Genndy Tartakovsky’s Fixed may just now be hitting Netflix, but its conception stretches back to 2009, when Tartakovsky envisioned an animal road-trip comedy inspired by his real-life friend group. He originally wanted the core characters to represent all different sorts of animals, but as the idea took shape, he realised an all-dog ensemble would more than do the trick.

An animation heavyweight best known for creating Dexter’s Laboratory and Samurai Jack, Tartakovsky saw in Fixed a chance to let loose and make light of a process that’s all too familiar for pet owners. The story follows the dog Bull, who, upon discovering his owners are having him neutered the next day, hits the big city for one last glorious night of debauchery. It’s every bit as crude and unhinged as its concept demands, cramming testicles, buttholes, and puppy makin’ into every frame and making zero apologies for any of it.
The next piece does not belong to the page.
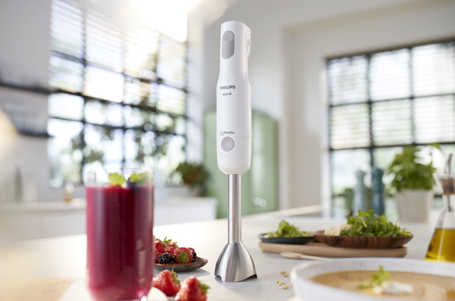 Dzięki silnikowi o dużej mocy i unikalnej ergonomicznej konstrukcji blender ręczny zapewnia szybkie i wydajne miksowanie - wystarczy nacisnąć przycisk, aby przygotować zdrowe domowe posiłki każdego dnia, bez wysiłku!

STARBURST caught up with Tartakovsky to talk the origins, evolution, and joy of Fixed, invoking his legendary career in animation and digging deeper into what makes him tick…

STARBURST: For readers who may be unfamiliar with the movie and its journey to the screen, walk us through what it’s about and what it’s trying to accomplish…

GENNDY: I mean, it’s trying to be funny really and be funny in an adult way. And my sensibility, it’s funny, I don’t think it’s as gross or maybe as raunchy as other people perceive it to be. I hope it was done in good taste, we tried to do it because we could make it really gross with all the details and nooks and crannies. But we try to make it in good taste. But it’s really a love story because it all started with my friends, my childhood friends, and basically I love the way they make me laugh. And so I love our dynamic and so I thought, well, can I translate that dynamic into an adult movie? And once I started thinking like that, I realised, oh yeah, movies like Superbad, Knocked Up, and 40-Year-Old Virgin, they were kind of doing a similar thing. And so that was the idea of it is try to do a well animated, raunchy rated R, heartfelt buddy comedy.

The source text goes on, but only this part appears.